RECORD EXTRACTS:
+++
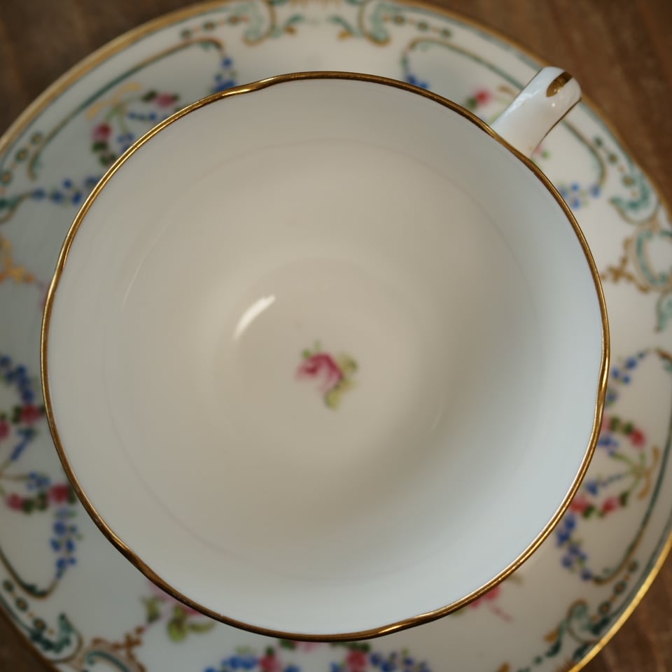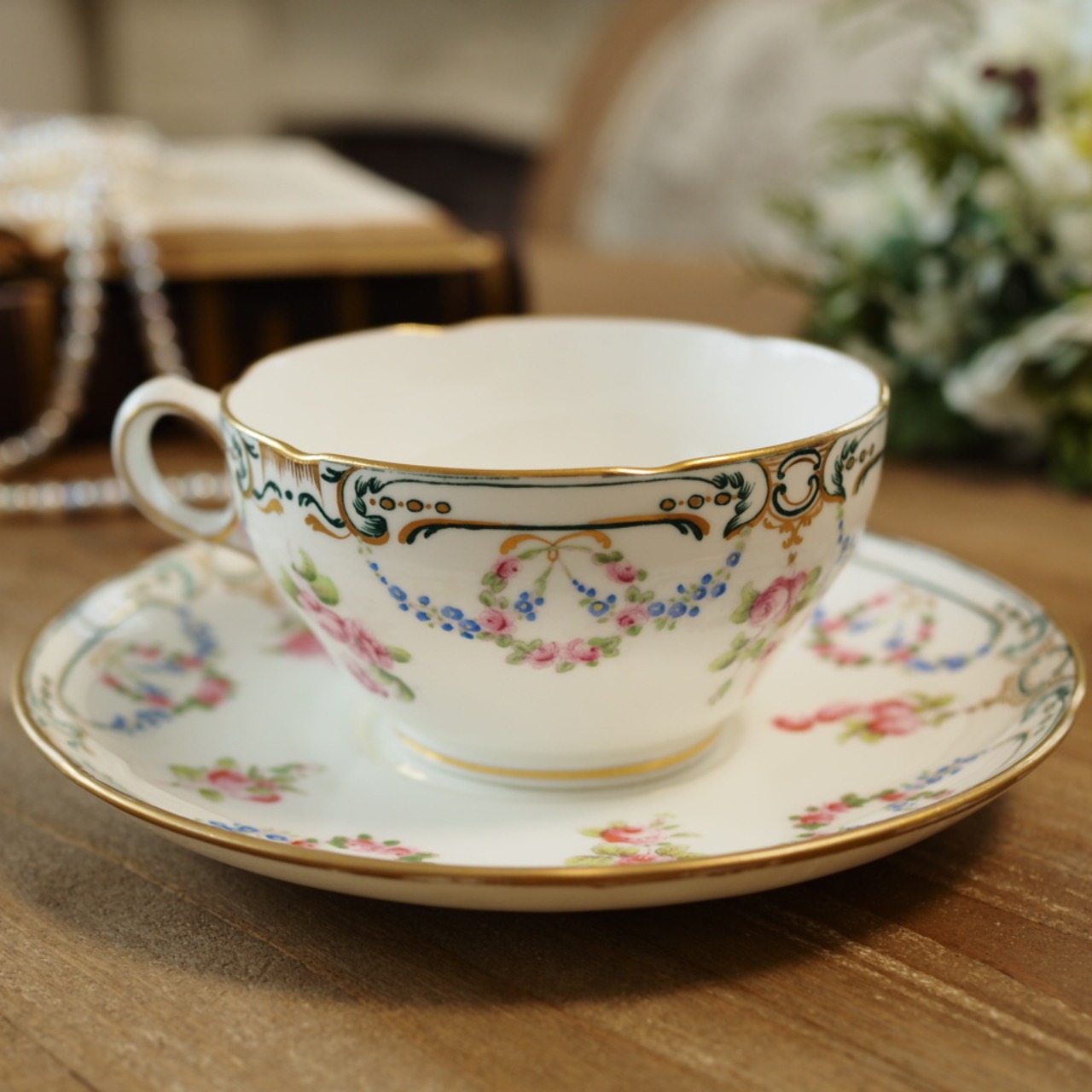 英国ミントンminton 薔薇と小花のガーランドが素敵なカップ&ソーサー 大きめサイズ F1
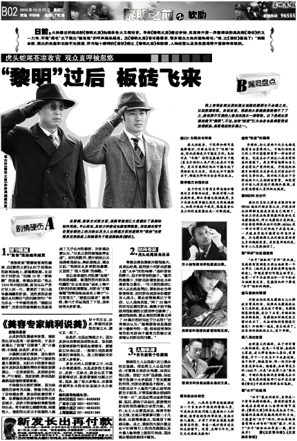 日前,火热播出的谍战剧《黎明之前》陆续在各大卫视收官。早在《黎明之前》播出伊始,其宣传方便一再强调该剧是赶超《潜伏》的又一力作,不想“盛名”之下观众“被忽悠”的呼声越来越高。当《黎明之前》苍凉落幕后,很多观众大失所望地感叹:“唉,比《潜伏》差远了!”综观全剧,观众的失望和无奈不无根据,而与短小精悍的《潜伏》相比,《黎明之前》在剧情、人物设置以及角色塑造等方面都存在软肋。
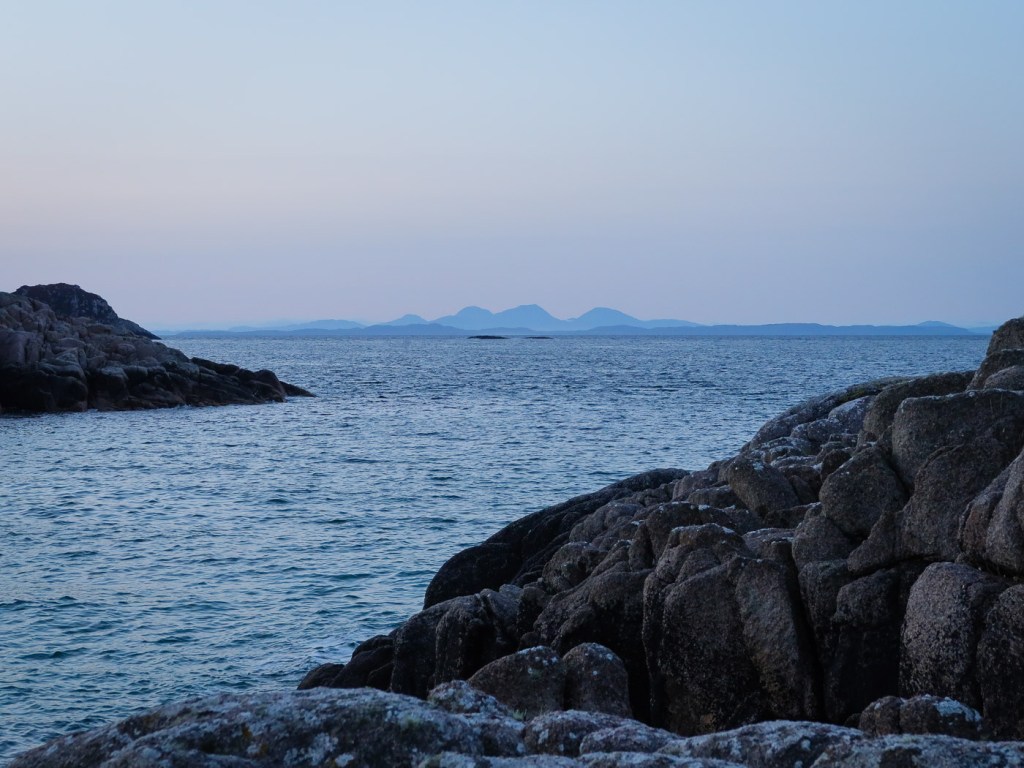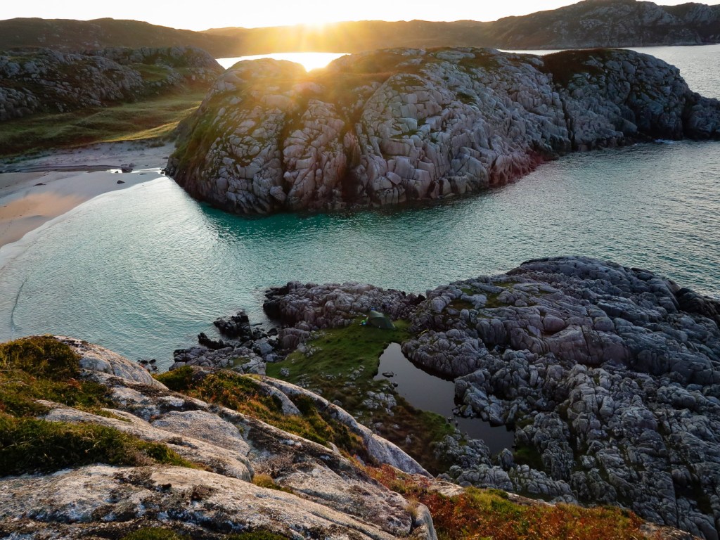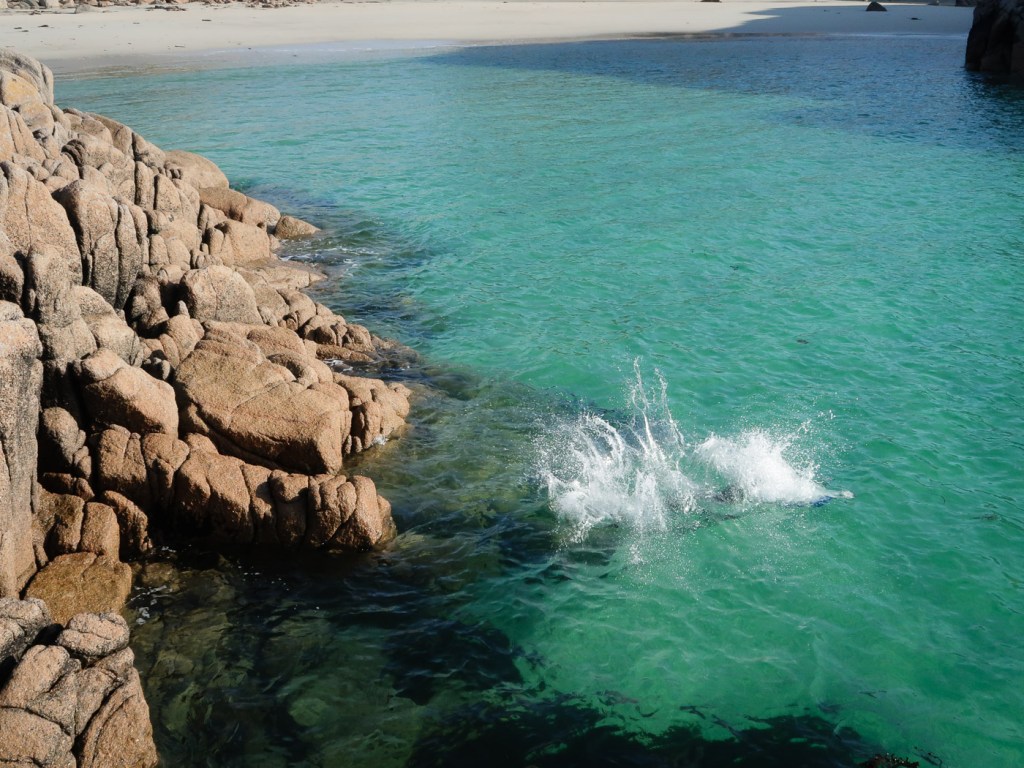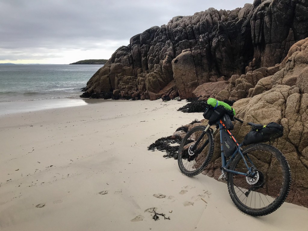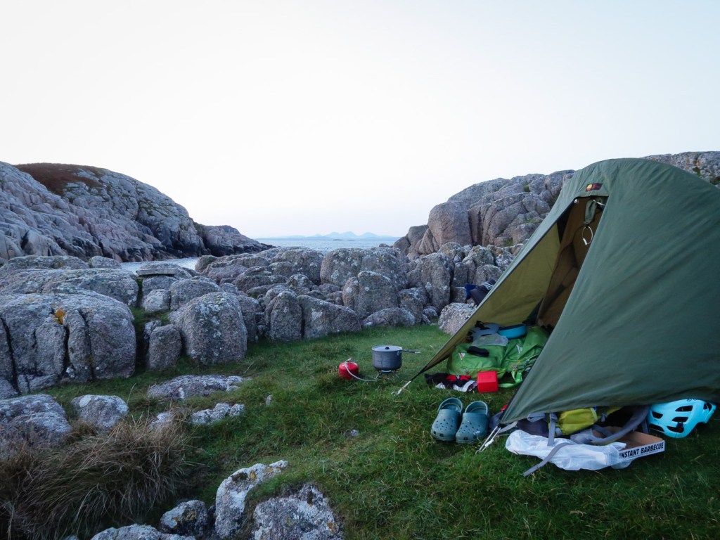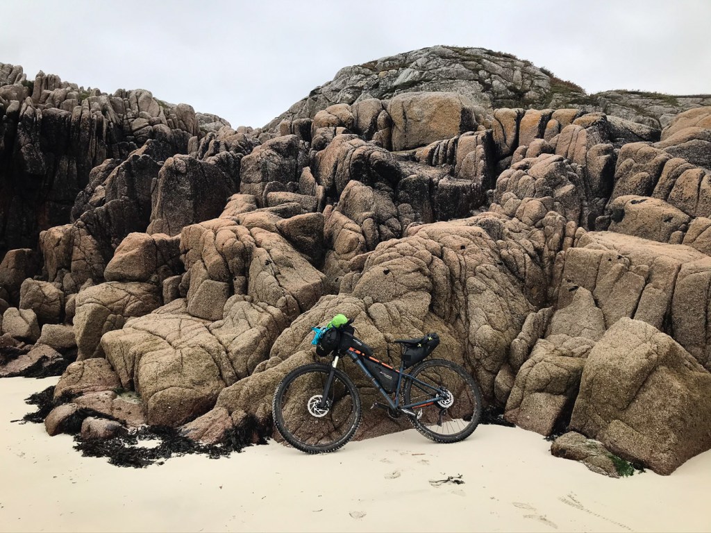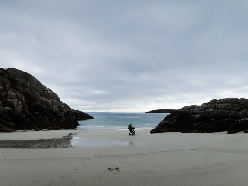Today was kenny’s birthday adn the weather excelled itself. Sunny warm and lovely. After breakfast and the sun had warmed things up with got the wet suits on and had an amazing scramble round the little island in the middle of the bay. We swam across little inlets and to the shore – it was fantastic. After lunch we packed up all the stuff and headed back to the van. It has to be said the return journey – which was my route did not tuen out as imagined. It was mostly hike a bike and deer fences. but character forming!!!
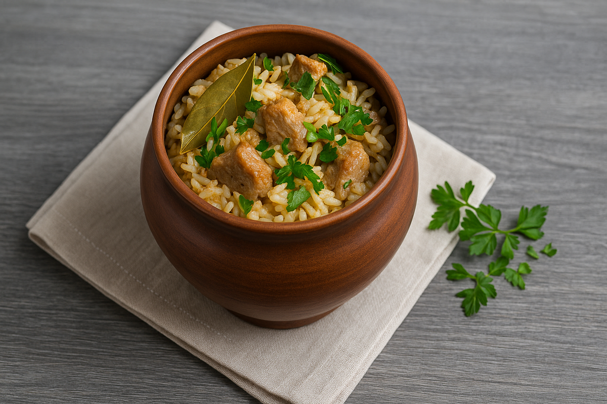 Есть блюда, которые словно созданы для того, чтобы согревать душу. Рис с мясом, томящийся в глиняных горшочках, — как раз из этой категории. Здесь нет спешки, каждая крупинка пропитывается ароматом мяса, овощей и специй, а сам процесс приготовления настолько прост, что не требует от вас долгого стояния у плиты. Всё, что нужно, — подготовить ингредиенты, сложить их в горшочки и дать духовке сотворить чудо.Такое блюдо удобно готовить для семейного ужина или когда ждёте гостей: порционная подача в горшочках смотрится эффектно, а вкус получается насыщенным и гармоничным.
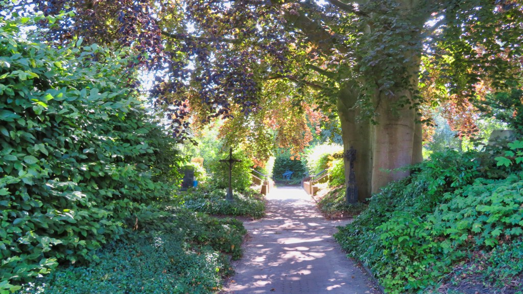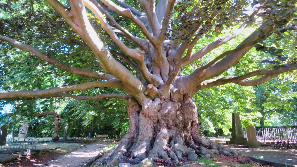 Ik wandel over de prachtige begraafplaats en laat me betoveren door de immense bomen, waaronder de beroemde rode beuk. Met een indrukwekkende stamomtrek van bijna 8 meter is deze boom zelfs tweede geworden in de Nationale Bomen top 50.
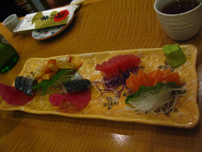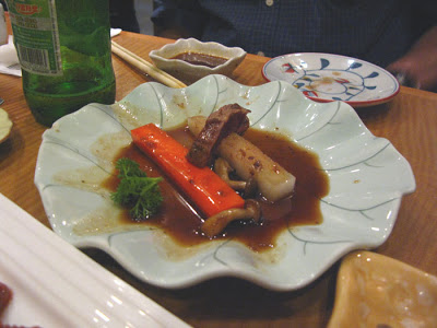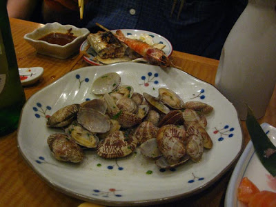 First up Sushi. Every travel site I have visited warns westerners to avoid shellfish, cold dishes and raw items. We being brave, we not only try to cover all three, but we further start the meal with them. Every piece was fantastic, making me appreciate just how woeful the stuff we eat at home is. The Tuna and Salmon melted in your mouth.
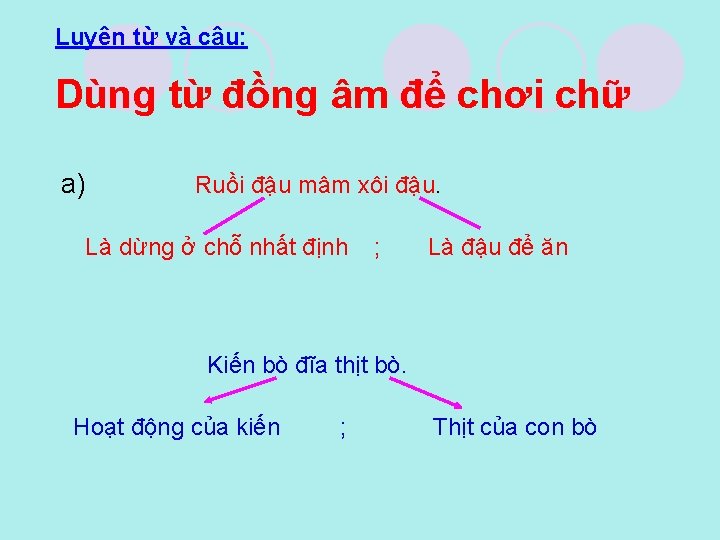 Luyện từ và câu: Dùng từ đồng âm để chơi chữ Bài 1: Các câu sau đã sử dụng những từ đồng âm nào để chơi chữ? a. Ruồi đậu mâm xôi đậu. b. Kiến bò đĩa thịt bò. b. Một nghề cho chín còn hơn chín nghề. c. Bác bác trứng, tôi vôi. d. Con ngựa đá con ngựa đá, con ngựa đá không đá con ngựa.
+++
TASK PROMPT: Retype all the material word for word while skipping any picture it contains.

THE COMPLETED TASK:
 英国ミントンminton 薔薇と小花のガーランドが素敵なカップ&ソーサー 大きめサイズ F1
 日前,火热播出的谍战剧《黎明之前》陆续在各大卫视收官。早在《黎明之前》播出伊始,其宣传方便一再强调该剧是赶超《潜伏》的又一力作,不想“盛名”之下观众“被忽悠”的呼声越来越高。当《黎明之前》苍凉落幕后,很多观众大失所望地感叹:“唉,比《潜伏》差远了!”综观全剧,观众的失望和无奈不无根据,而与短小精悍的《潜伏》相比,《黎明之前》在剧情、人物设置以及角色塑造等方面都存在软肋。
Today was kenny’s birthday adn the weather excelled itself. Sunny warm and lovely. After breakfast and the sun had warmed things up with got the wet suits on and had an amazing scramble round the little island in the middle of the bay. We swam across little inlets and to the shore – it was fantastic. After lunch we packed up all the stuff and headed back to the van. It has to be said the return journey – which was my route did not tuen out as imagined. It was mostly hike a bike and deer fences. but character forming!!!
 Есть блюда, которые словно созданы для того, чтобы согревать душу. Рис с мясом, томящийся в глиняных горшочках, — как раз из этой категории. Здесь нет спешки, каждая крупинка пропитывается ароматом мяса, овощей и специй, а сам процесс приготовления настолько прост, что не требует от вас долгого стояния у плиты. Всё, что нужно, — подготовить ингредиенты, сложить их в горшочки и дать духовке сотворить чудо.Такое блюдо удобно готовить для семейного ужина или когда ждёте гостей: порционная подача в горшочках смотрится эффектно, а вкус получается насыщенным и гармоничным.
 Ik wandel over de prachtige begraafplaats en laat me betoveren door de immense bomen, waaronder de beroemde rode beuk. Met een indrukwekkende stamomtrek van bijna 8 meter is deze boom zelfs tweede geworden in de Nationale Bomen top 50.
 First up Sushi. Every travel site I have visited warns westerners to avoid shellfish, cold dishes and raw items. We being brave, we not only try to cover all three, but we further start the meal with them. Every piece was fantastic, making me appreciate just how woeful the stuff we eat at home is. The Tuna and Salmon melted in your mouth.
 Luyện từ và câu: Dùng từ đồng âm để chơi chữ Bài 1: Các câu sau đã sử dụng những từ đồng âm nào để chơi chữ? a. Ruồi đậu mâm xôi đậu. b. Kiến bò đĩa thịt bò. b. Một nghề cho chín còn hơn chín nghề. c. Bác bác trứng, tôi vôi. d. Con ngựa đá con ngựa đá, con ngựa đá không đá con ngựa.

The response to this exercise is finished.